→ WHAT TO PRODUCE: Sort through the listing below and keep each line with the word "that". Copy those.

→ DATASET:
☆ ☆ ☆

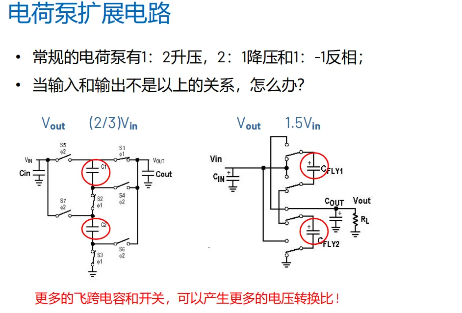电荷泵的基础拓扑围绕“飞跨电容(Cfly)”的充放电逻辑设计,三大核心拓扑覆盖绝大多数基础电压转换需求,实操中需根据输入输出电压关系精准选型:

☆ ☆ ☆

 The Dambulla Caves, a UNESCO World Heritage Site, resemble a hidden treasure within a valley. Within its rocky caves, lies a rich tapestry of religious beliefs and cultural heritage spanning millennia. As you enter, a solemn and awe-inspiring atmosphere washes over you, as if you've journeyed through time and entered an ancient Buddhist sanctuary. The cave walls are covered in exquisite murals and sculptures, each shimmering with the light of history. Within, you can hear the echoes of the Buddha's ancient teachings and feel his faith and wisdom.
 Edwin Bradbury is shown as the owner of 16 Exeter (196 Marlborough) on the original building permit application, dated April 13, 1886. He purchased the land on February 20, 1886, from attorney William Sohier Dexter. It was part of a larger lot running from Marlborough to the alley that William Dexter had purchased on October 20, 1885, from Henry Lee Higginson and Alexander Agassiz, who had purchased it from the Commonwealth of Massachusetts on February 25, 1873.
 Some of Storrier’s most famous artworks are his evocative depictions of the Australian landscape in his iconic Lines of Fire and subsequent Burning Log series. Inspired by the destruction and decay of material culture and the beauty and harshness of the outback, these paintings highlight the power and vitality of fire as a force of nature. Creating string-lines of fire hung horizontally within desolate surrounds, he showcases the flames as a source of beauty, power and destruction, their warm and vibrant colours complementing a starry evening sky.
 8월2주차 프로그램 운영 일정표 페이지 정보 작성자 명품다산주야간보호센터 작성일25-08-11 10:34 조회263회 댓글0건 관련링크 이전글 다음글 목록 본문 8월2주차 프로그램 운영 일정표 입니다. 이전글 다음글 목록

☆ ☆ ☆

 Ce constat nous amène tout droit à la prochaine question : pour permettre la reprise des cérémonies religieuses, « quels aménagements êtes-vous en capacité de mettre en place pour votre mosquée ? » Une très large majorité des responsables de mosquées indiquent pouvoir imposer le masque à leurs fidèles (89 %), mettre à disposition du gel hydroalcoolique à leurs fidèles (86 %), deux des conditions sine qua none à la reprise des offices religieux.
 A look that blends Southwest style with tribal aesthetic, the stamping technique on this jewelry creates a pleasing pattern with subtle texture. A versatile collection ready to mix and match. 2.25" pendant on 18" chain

☆ ☆ ☆

→ WRITTEN RESPONSE:
 Edwin Bradbury is shown as the owner of 16 Exeter (196 Marlborough) on the original building permit application, dated April 13, 1886. He purchased the land on February 20, 1886, from attorney William Sohier Dexter. It was part of a larger lot running from Marlborough to the alley that William Dexter had purchased on October 20, 1885, from Henry Lee Higginson and Alexander Agassiz, who had purchased it from the Commonwealth of Massachusetts on February 25, 1873.
 A look that blends Southwest style with tribal aesthetic, the stamping technique on this jewelry creates a pleasing pattern with subtle texture. A versatile collection ready to mix and match. 2.25" pendant on 18" chain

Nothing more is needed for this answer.